One argument often advanced to defend these salaries is that, “It’s the market.” Those with great ability are highly valuable, and therefore get paid more. However, according to research by New Zealand academics Professor Glenn Boyle and Dr Helen Roberts, the more likely reasons why salaries in listed companies are so high are:
- CEOs are often on the remuneration committees that decide their own salaries. In New Zealand that occurs at about one-third of listed companies.
- The link between performance pay and increased shareholder wealth is weak, so the increases are often not for exceptional performance.
- “Keeping up with the Joneses” effects. Directors and CEOs see what others are paying and try to match it – regardless of whether this is in the wider interests of the company.
- Directors’ fees have also been increasing as rapidly as CEO pay, so they are looking after each other’s interests very well; but what about their employees, customers or wider community?
- Nobody tries to stop pay increases. Shareholders have limited power to veto pay increases and mostly don’t exercise it.
In a 2010 presentation on their research, Prof Glenn Boyle and Dr Helen Roberts (Executive Compensation in New Zealand: the Good ,the Bad & the Ugly) depict the way that CEO pay and board chair fees have followed each other upwards, while shareholder returns lag well behind and worker compensation has hardly risen at all.

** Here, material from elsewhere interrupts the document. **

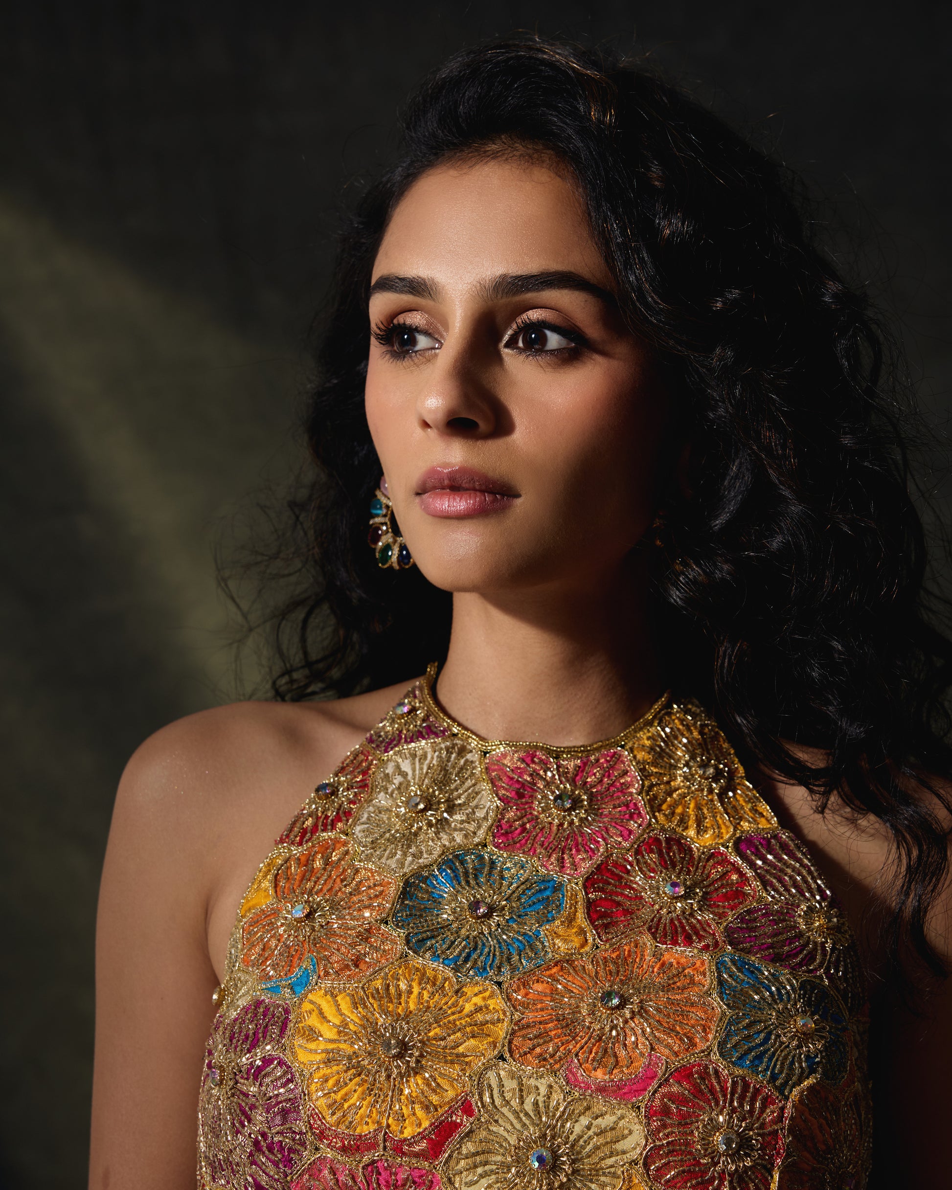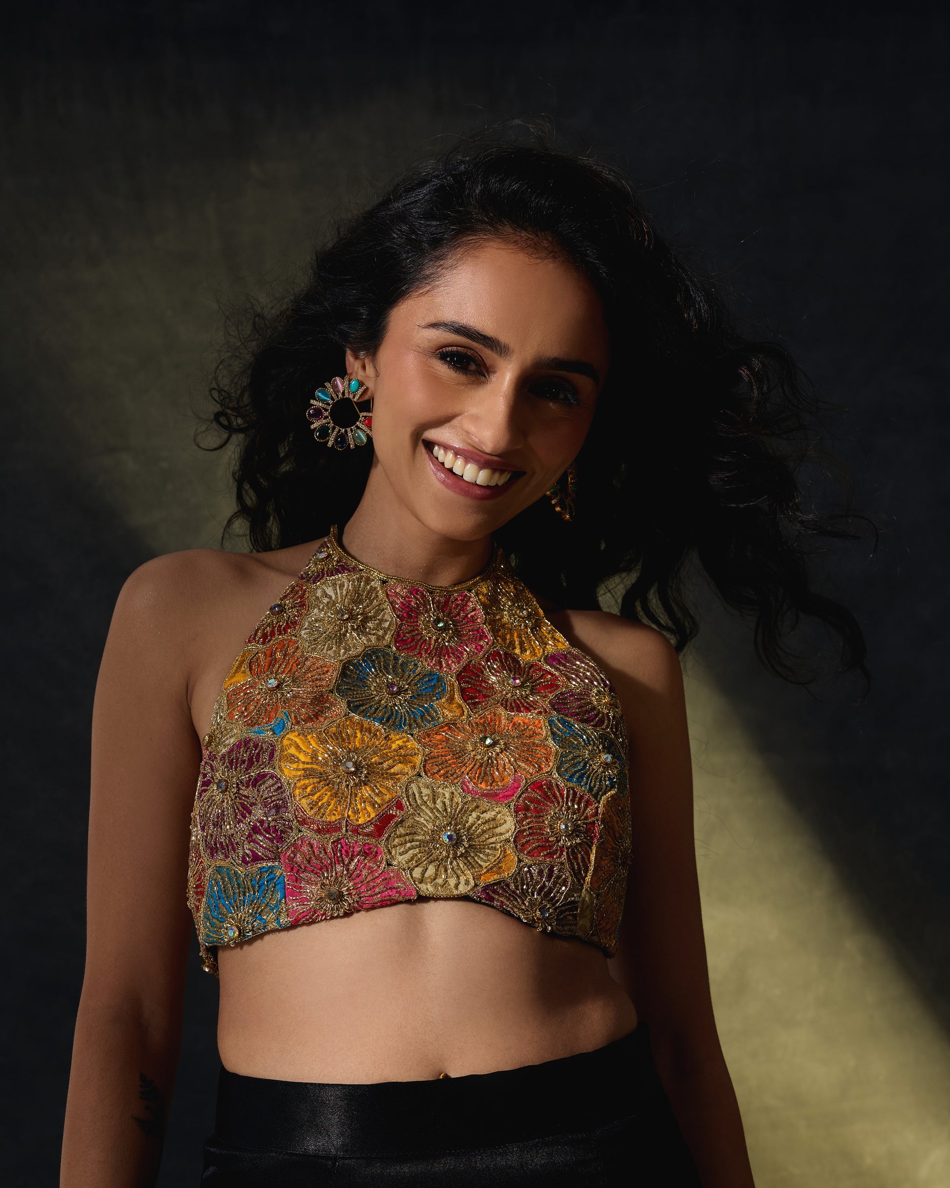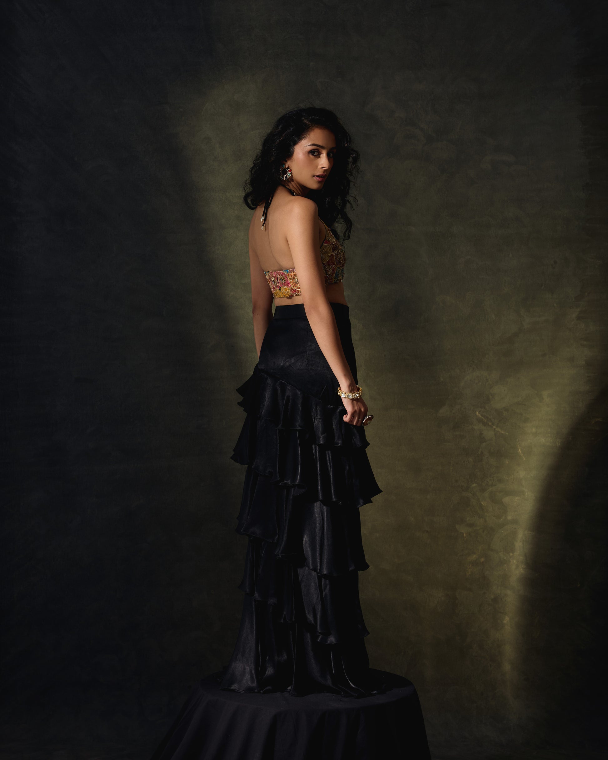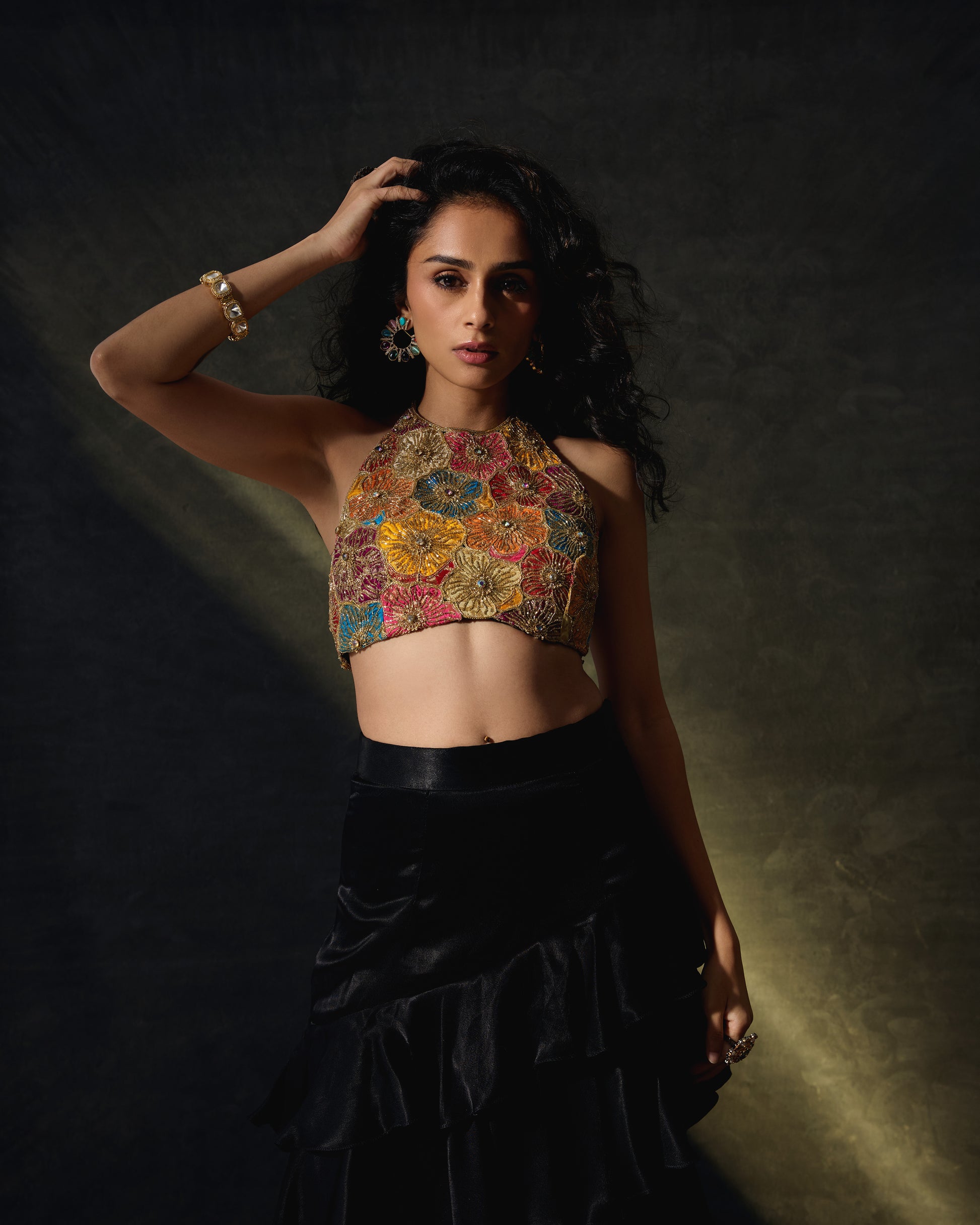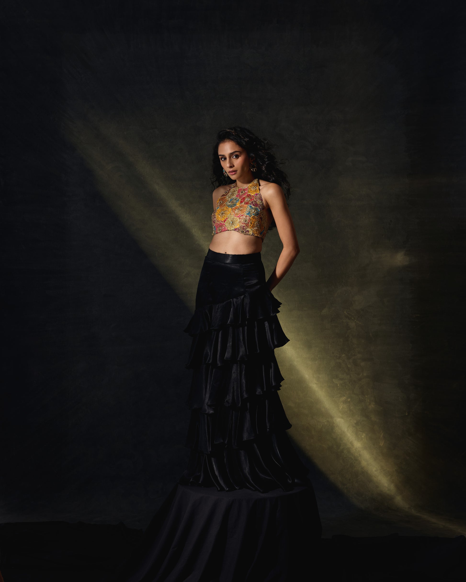 Cascada features a halter neck top that is covered in bright embellished flowers, upcycled from house staple Banarasi brocade fabrics. It is paired with a black satin skirt that is put together using layers of asymmetrical ruffles creating the cascading effect of a waterfall. Besides the full look, just the halter top is available for purchase too.

What Can be Done About it?
The issue is not unique to New Zealand. In the UK, an independent High Pay Commission, in its report ‘Cheques with Balances’ made a number of recommendations that included:
- Paying a salary to CEOs rather than the complex and confusing packages that obscure the real level of remuneration that is received
- Requiring fund managers and investors to disclose how they vote on remuneration.
- Introducing employee representation on remuneration committees.
It is timely to look at establishing such a commission in this country. The New Zealand Remuneration Authority exists, but only to set the salaries for Members of Parliament and judges and certain other public sector workers. It does not scrutinise private sector pay. In addition, it is required to consider “fairness to the taxpayers or ratepayers who ultimately foot the bill”, but this requirement is not currently interpreted to include trying to avoid increases in income inequality. A dedicated High Pay Commission would provide much greater scrutiny across the board.
Pay gaps within institutions also deserve further attention. A recent British report looks at how a pay ratio – the relationship between top and bottom pay in a particular organisation – can be reported on or controlled. Although there are complications in calculating and applying these ratios, the report concludes that they are a useful way of controlling top-end incomes and linking them to the incomes of other employees within an organisation. So these ratios might help avoid the current situation, where pay rises rapidly at the top but not at the lower end. That’s something worth thinking about.